Author Archives: Mike

Moneyball Golf – Scikit Learn and Tensorflow Estimator API

Here’s at attempt to see if I can use historical pro golf data to predict how much money at player will earn in a year. It turns out that while some of the metrics tracked by the PGA correlate with the money a player earns, it’s not easy to predict a player’s winnings. Check out the post on Kaggle.

Test Driving Google’s AutoML Vision to Diagnose Malaria

Dr. Google gets average precision of 0.988 in classifying infected vs. non-infected

Google’s AutoML services have been promoted as making machine learning accessible for people who may not have a lot of ML expertise. The idea behind AutoML is that it will automatically determine the best model and hyperparameters for your data. This can take a lot of CPU power, so Google argues that it’s best to do it in the cloud, because there’s no sense in having that kind of computing power lying around idle (except for the brief intervals during which you’re training a model).
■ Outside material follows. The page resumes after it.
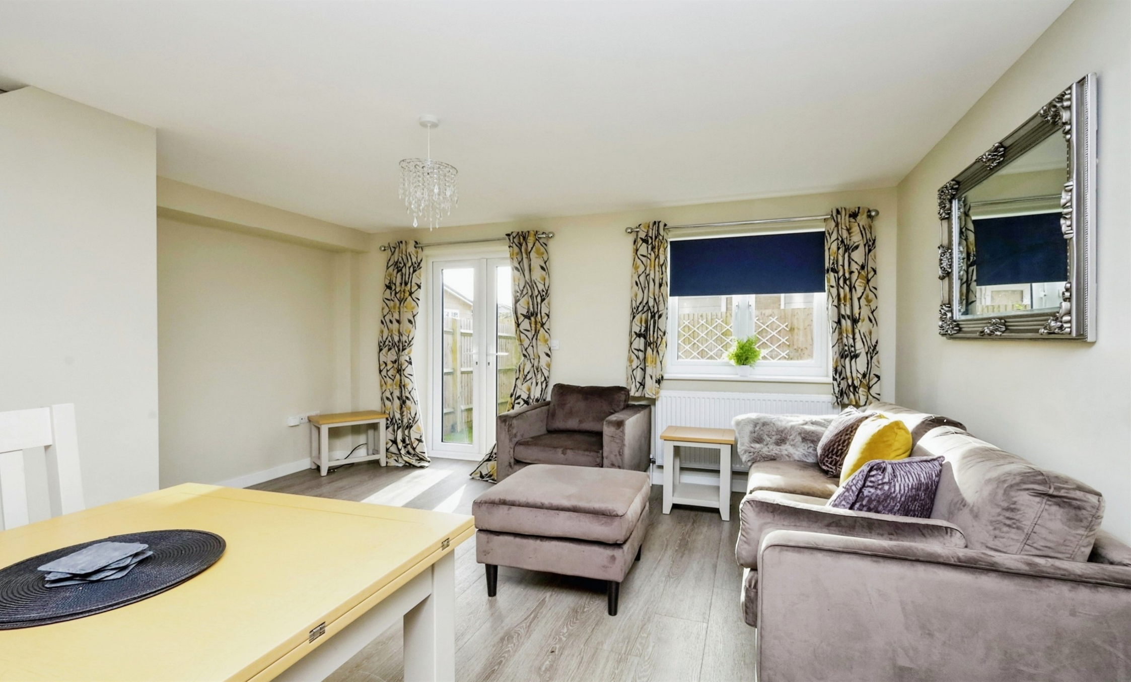
Garden Cottages Golden Cross, Hailsham BN27 4AW

In the case of the Google AutoML Vision service, you can use a graphical UI to drag in a bunch of images, label them, and start learning with the click of a button. While that’s theoretically true, to make effective use of Google AutoML Vision for a real-world problem, you’re going to want to have some understanding of the Google Cloud Platform (in particular, storage buckets, and IAM permissions), and probably a little Linux command line expertise. And if you want to actually build an application that uses your ML model, of course you’re going to do some programming.

Google’s AutoML service has generated a lot of hype. Actually it’s also generated some criticism–that it’s overhyped, and that throwing a shitload of CPU at a problem in order to determine the best ML model is not as good an approach as having a smart insightful person apply their smarts and insights. That’s probably true, but as I’ll show, this is still useful tool, and while there were some things that bugged me about it, the results were pretty compelling relative to the effort involved. People have also complained about the cost. I managed to get a trial Google Cloud Platform (GCP) account with $300 in credit, so this didn’t cost me any green dollars. If you check, you might be able to get the same deal. Apparently it costs about $20 per hour of training, but you can get an hour for free. I managed to train my model within an hour.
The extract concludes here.